He referenced a seminal work in the history of scientific research, Vannevar Bush’s Science the Endless Frontier. (http://www.nsf.gov/about/history/vbush1945.htm)  As science advisor to FDR, Bush submitted this report to the president in 1945, arguing that pure research would benefit the country in three ways – economically, for public health, and in national defense.  This document ultimately led to the formation of the National Science Foundation.  Again, at the end of the 20th century, legislators revisited the document, and added the benefit of helping to establish public policy.

Dr.

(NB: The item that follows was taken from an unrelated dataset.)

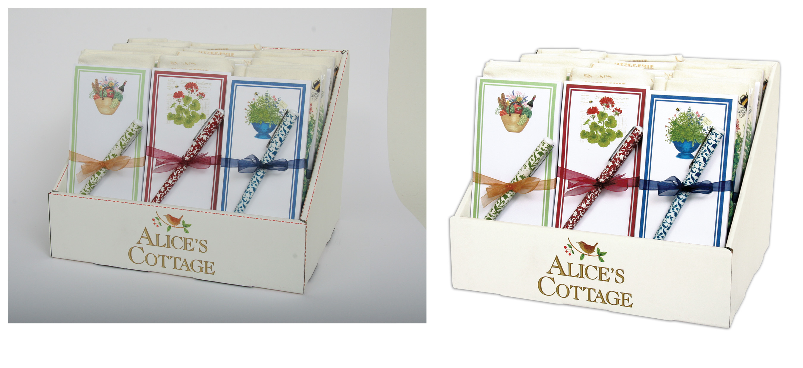 • Original Photo: (Lifestyle Floursack Towel Shot) Product in a digitally printed prototype cardboard display. (Display Box) Product in a digitally printed prototype cardboard display.

Evans finished his talk by sharing three current research projects underway at the Smithsonian, that as yet, have no practical application in mind.  The one I found most striking concerns our universe.  Scientists have long known that dark matter constitutes part of our universe, and that the universe is expanding.  Astronomers at the Harvard-Smithsonian Center for Astrophysics have also recently discovered that the universe’s expansion is accelerating – it goes faster as it disperses, and they are able to measure this acceleration.  They have determined that approximately 70% of the universe is this dark energy, pushing it apart.  Which means that a very small fraction, less than 10%, of the universe is made up of the stuff we’re on – planets, stars, etc. (cfa-www.harvard.edu/)

How this information will ultimately benefit us is anyone’s guess, but as Dr. Evans pointed out, it does make one “scale our regard in cosmic terms.”   That perspective is always useful.